In the copy, keep the lines from the first line of the material below through the line containing "- Materiał: abażur" exactly as they are, and include no pictures.

SUPPLIED MATERIAL →

┏━━

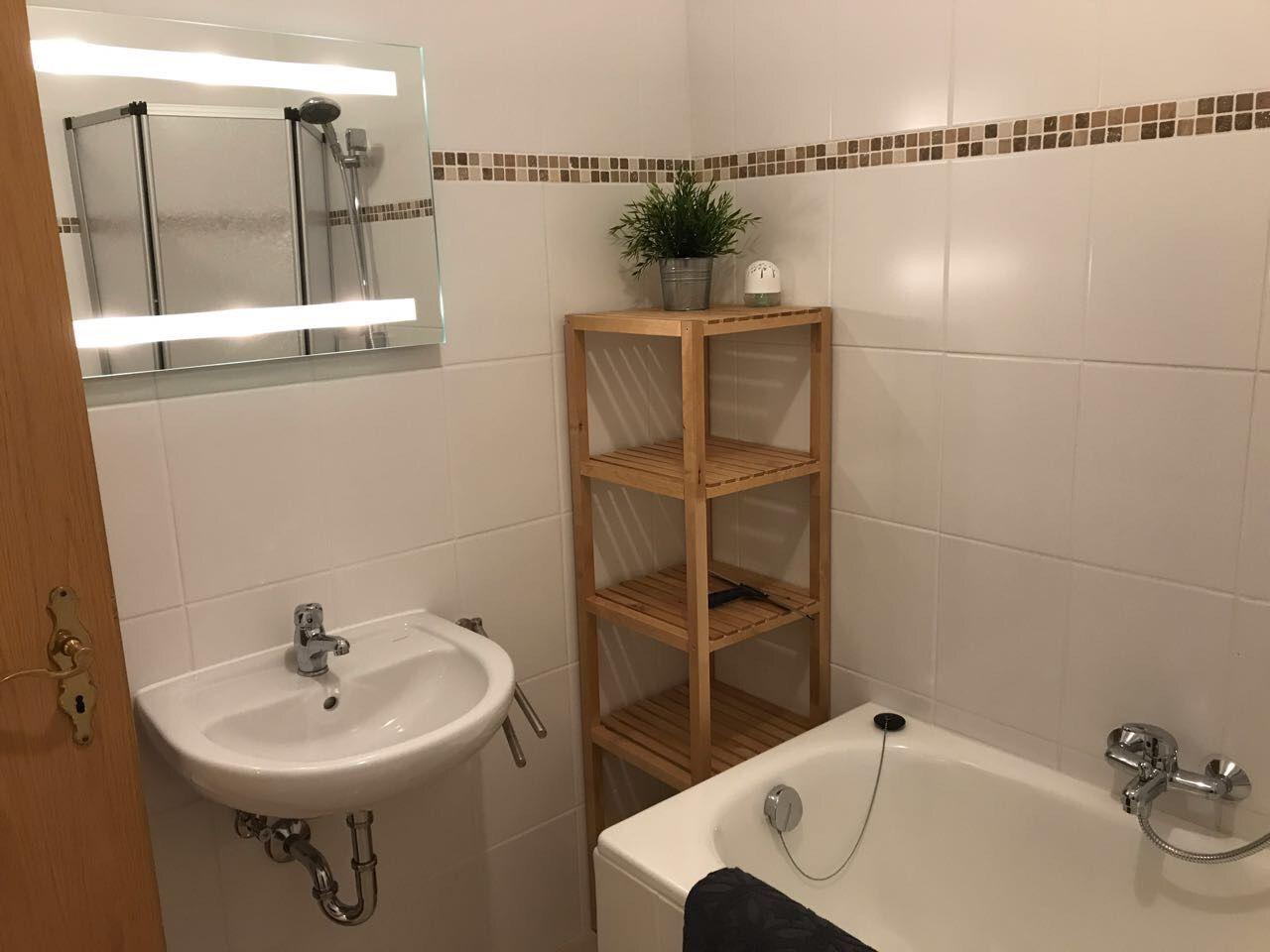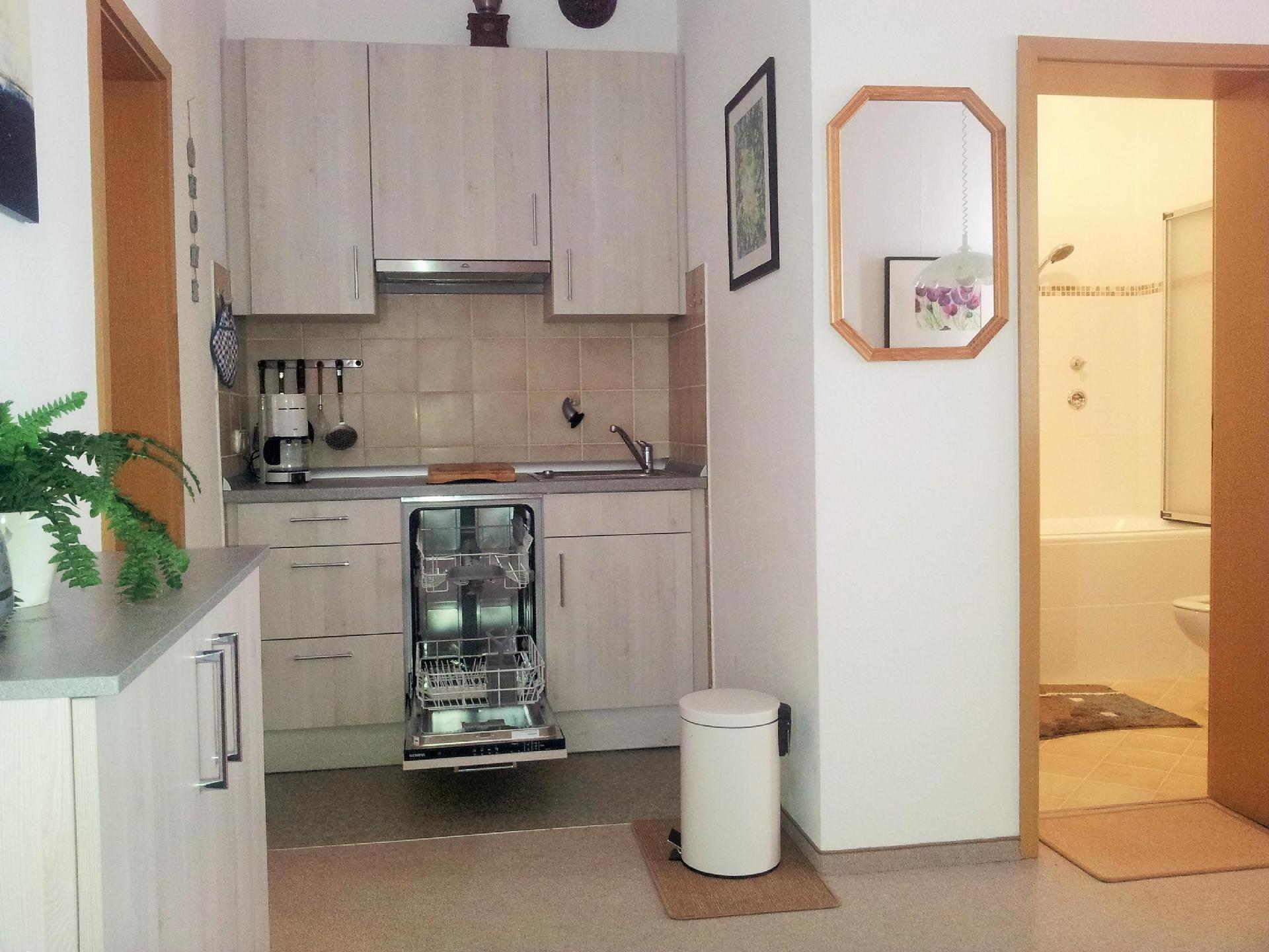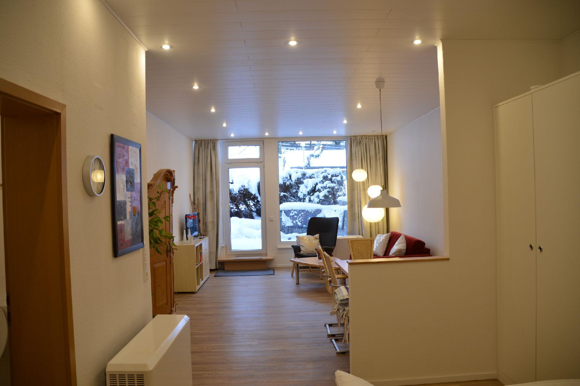 1 Wohn-/Schlafraum mit Küchenzeile, zwei Doppelbettcouches (je 2 m lang), Essecke mit Eckbank, 1 Sessel und Couchtisch; W-Lan, Kabel-TV, Abstellraum, Bad mit Badewanne, Waschbecken und WC;
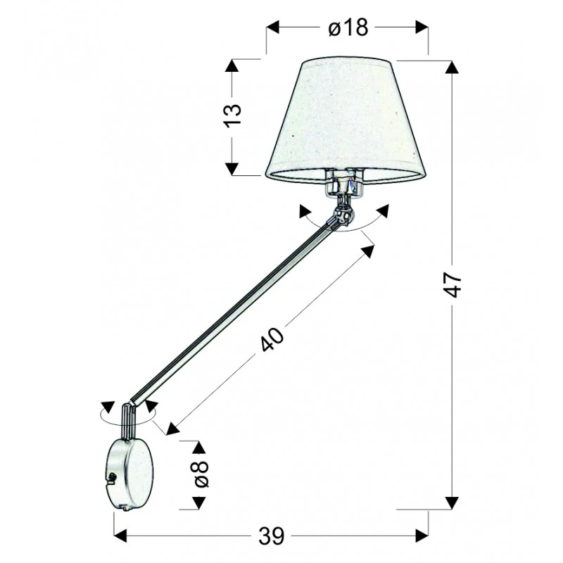 - Materiał: abażur tkanina/PVC na obrotowym ramieniu, podstawa stalowa
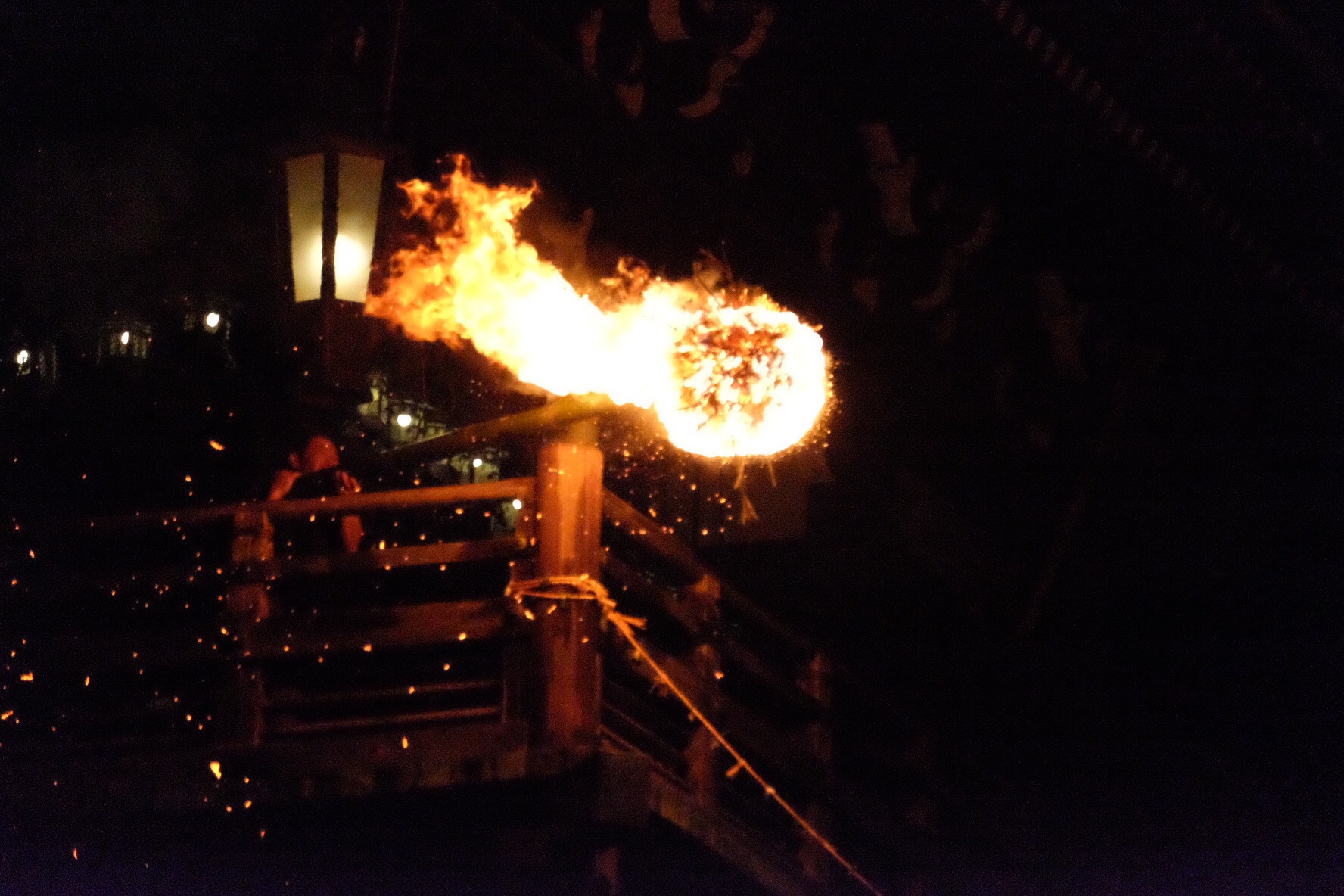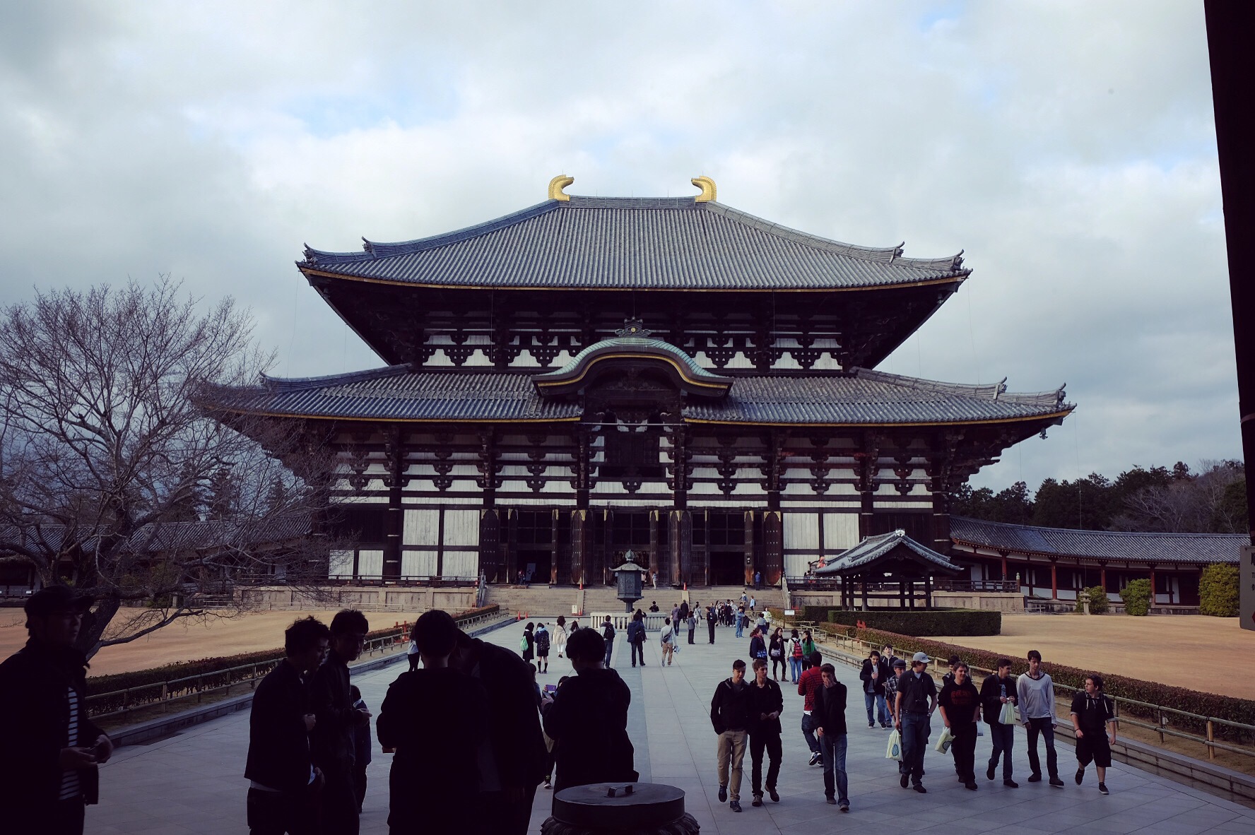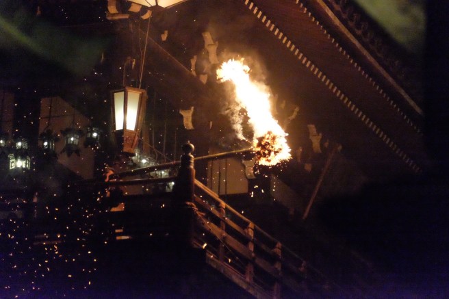 Nara, tempio buddista Todai-jiIl parco pubblico di Nara (nostra dimora per tre notti), abitato da cervi tutt’altro che timidi.Otaimatsu: questo il nome dell’evento che si tiene sui balconi del Nigatsu-do (un edificio facente parte del tempio Todai-ji). Appena dopo il tramonto vengono portate in sequenza da una parte all’altra del balcone una decina di enormi torce che bruciando provocano una pioggia di braci e zampilli la cui visione, secondo la credenza, porterebbe fortuna per il nuovo anno.Sul balcone del Nigatsu-do, aperto al pubblico dopo aver spento le torce

┗━━

PROBLEM SOLUTION →
 1 Wohn-/Schlafraum mit Küchenzeile, zwei Doppelbettcouches (je 2 m lang), Essecke mit Eckbank, 1 Sessel und Couchtisch; W-Lan, Kabel-TV, Abstellraum, Bad mit Badewanne, Waschbecken und WC;
 - Materiał: abażur tkanina/PVC na obrotowym ramieniu, podstawa stalowa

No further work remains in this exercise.